Plateforme10, le quartier des Arts lausannois à deux pas de la gare ferroviaire, a été inauguré il y a pas mal de temps déjà. Je me souviens que durant toutes les années où les travaux battaient leur plein, arrivant en ville, je lançais un regard dubitatif depuis mon wagon sur ces constructions qui semblaient devoir s'agglutiner le long des voies et dont les façades austères paraissaient vouées à s'écraser contre les élégants immeubles tout proches.
Pourquoi vouloir rassembler trois musées - Beaux-Arts, photographie et design - en un seul lieu ? me demandais-je. Pourquoi ne pas leur laisser à chacun leur individualité ? Il faut dire que j'avais entretenu un rapport affectueux avec l'ancienne demeure qui abritait le musée de l’Élysée, consacré à la photographie depuis 1985. Elle dominait un parc superbe qui descendait en pente douce vers le Léman. C'était un lieu paisible, inondé de lumière, sur lequel veillaient des arbres centenaires, un lieu où il faisait bon passer quelques heures en compagnie de tirages et d'artistes très divers.
Bref, je nourrissais de sérieux préjugés contre ce projet de plateforme trop uniformisateur à mon goût et il m'a fallu un temps fou pour accepter d'y mettre les pieds. Mais... sitôt que je suis arrivée sur le site la traditionnelle expression vaudoise m'est venue à l'esprit : j'ai été déçue en bien. L'esplanade était vaste. Les architectures épurées et les espaces convaincants. Les temps changent. La roue tourne. Je me suis laissée emporter et maintenant je m'y rends volontiers.
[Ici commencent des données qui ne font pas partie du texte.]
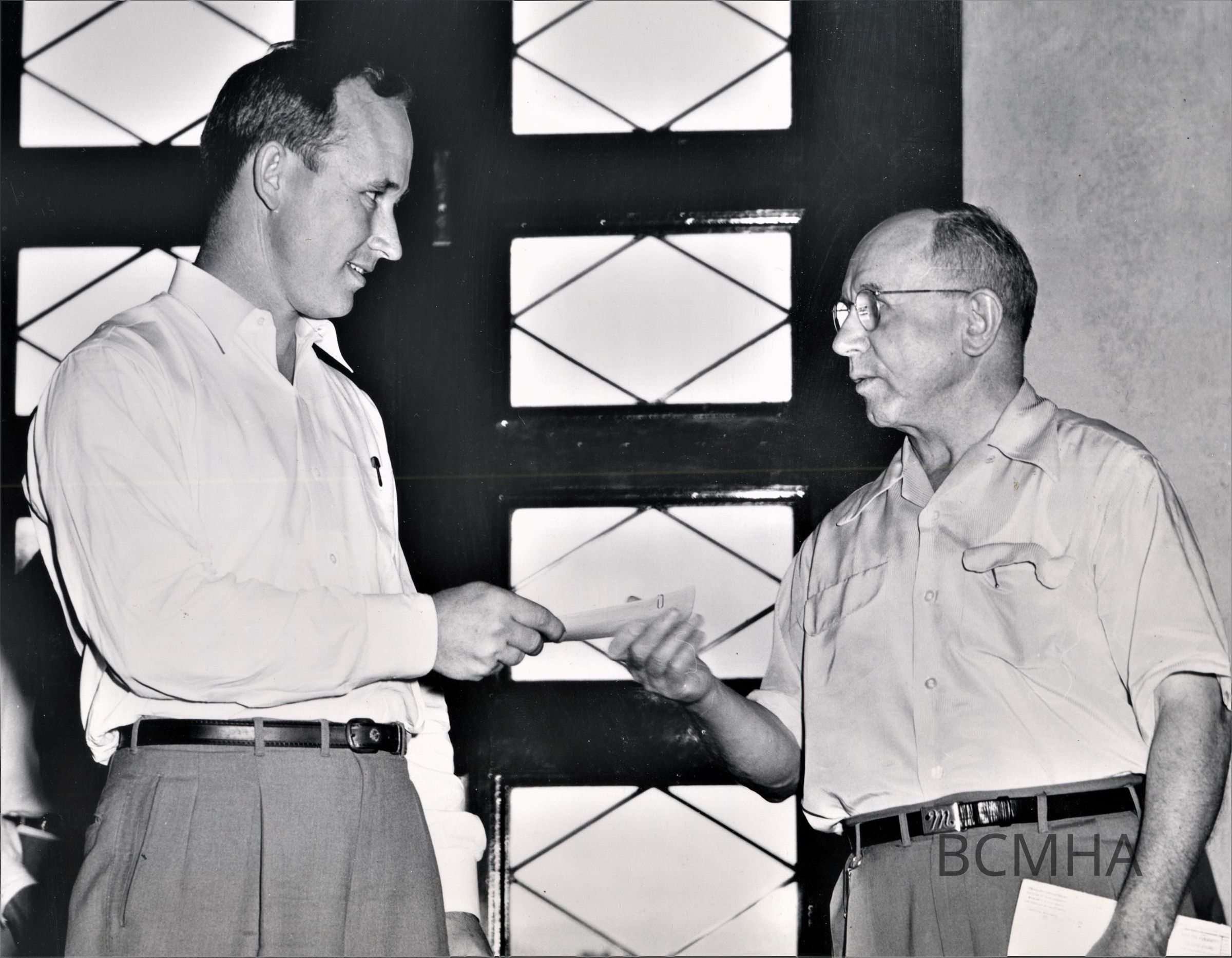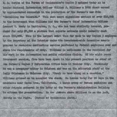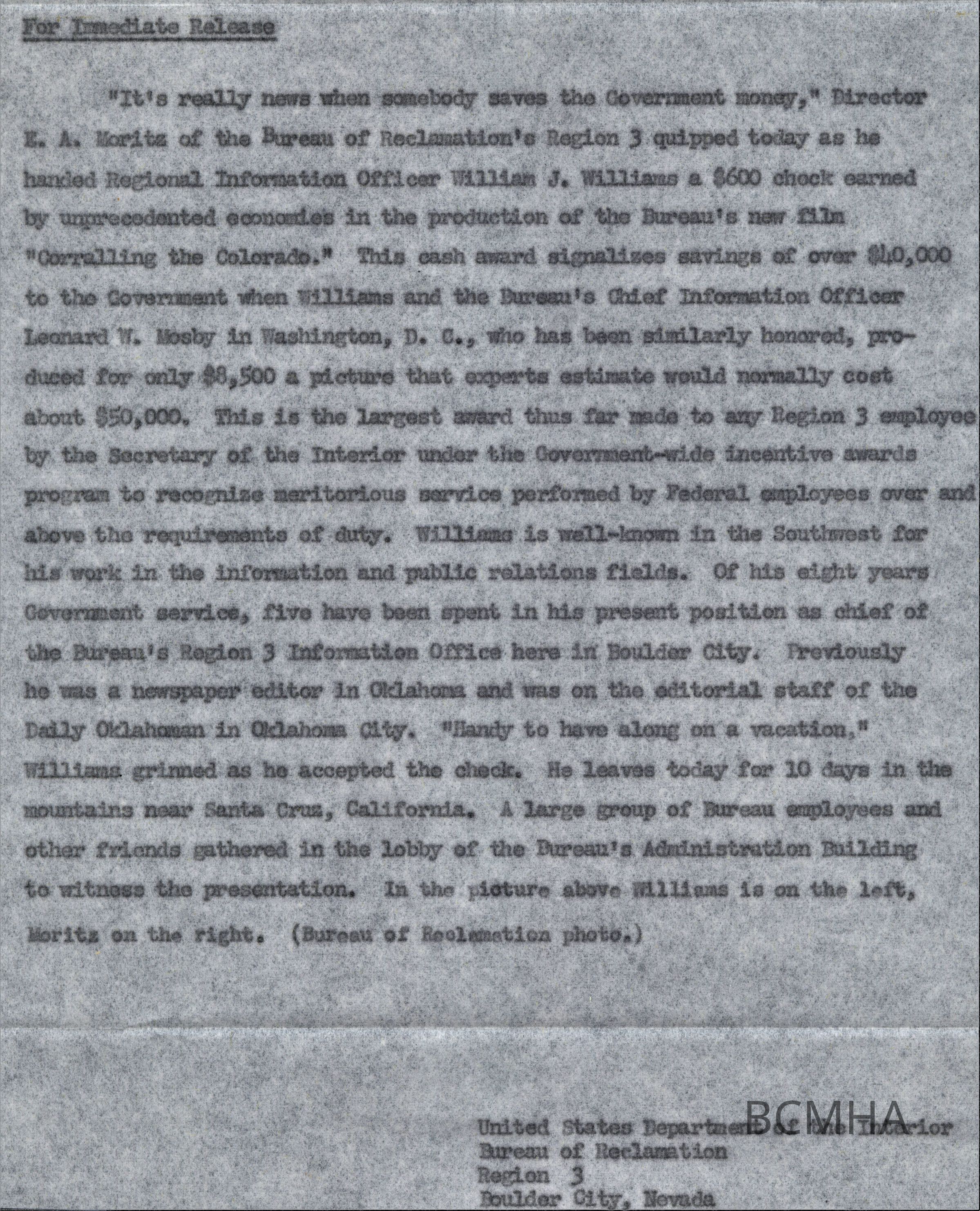 William J "Bill" Williams, U.S. Bureau of Reclamation Region 3 Public Information Officer receives a check for $600 from Regional Director Ernie A. Moritz, c. 1950. Williams facilitated production of the film Corralling the Colorado for $8,500 rather than the $50,000 estimated. [gout. press release behind photo- see below]

patins à glace / Bois de Boulogne / 1956
En ce moment, parallèlement à la rétrospective exceptionnelle consacrée au japonais Daido Moriyama (dont je n'ai pas encore parlé, mais ça viendra) un espace est dédié à Sabine Weiss. J'ai déjà parlé ICI et ICI de cette étonnante photographe, décédée en 2021 à l'âge de 97 ans. Peu avant sa mort, elle a décidé de remettre ses archives au musée Photo Élysée, qui en assume l'imposant héritage :
Le fonds d'archives de Sabine Weiss comprend l'ensemble de ses négatifs (200'000), l'ensemble des planches contact (7'000), la plus grande partie des tirages vintages (2'700), la plus grande partie des tirages tardifs, dit modernes (2'000), les tirages de travail (3'500), environ 2'000 diapositives, et l'ensemble de la documentation, soit les archives presse, les critiques, les justificatifs, la correspondance, les films, les enregistrements. [extraits site musée]De quoi donner lieu à de multiples expositions. Pour l'instant, ce sont les débuts de la photographe artisane qui sont mis à l'honneur : son travail pour la mode et la publicité, ses premiers clichés dans les années 1950 à Paris et ailleurs. Une large place est laissée à ses témoignages. Outre des citations affichées sur les parois, on diffuse une vidéo réalisée durant ses dernières années où Sabine Weiss évoque le démarrage de sa carrière avec la simplicité et le naturel qui lui sont propres. Ça ne devait pas être simple pour une jeune femme (Suissesse de surcroit) d'arriver à cette époque dans le monde masculin de la photographie et de s'y faire une place. Mais la débutante avait un caractère bien trempé et une solide carapace et lors de l'interview, elle raconte ses anecdotes avec une belle vivacité.
cheval ruant porte de Vanvres / 1951
J'adore ces photographies. Elles ont le pouvoir de me mettre dans un drôle d'état : un mélange de nostalgie et de sérénité indéfinissable. Une envie de rire et de sourire. Un appel à la liberté vers toute sortes de possibles. La meilleure des thérapies en ces temps troubles.
Vendeurs de pain / Athènes / 1958
Terrain vague / Porte Saint-Cloud / 1950
"Je photographie pour fixer l'éphémère, fixer les hasards, garder en images ce qui va disparaître : gestes, attitudes, objets qui sont le témoignage de notre passage. L'appareil les ramasse, les fige au moment même où ils disparaissent. Ce sont quelques traces de ma vision sur notre époque."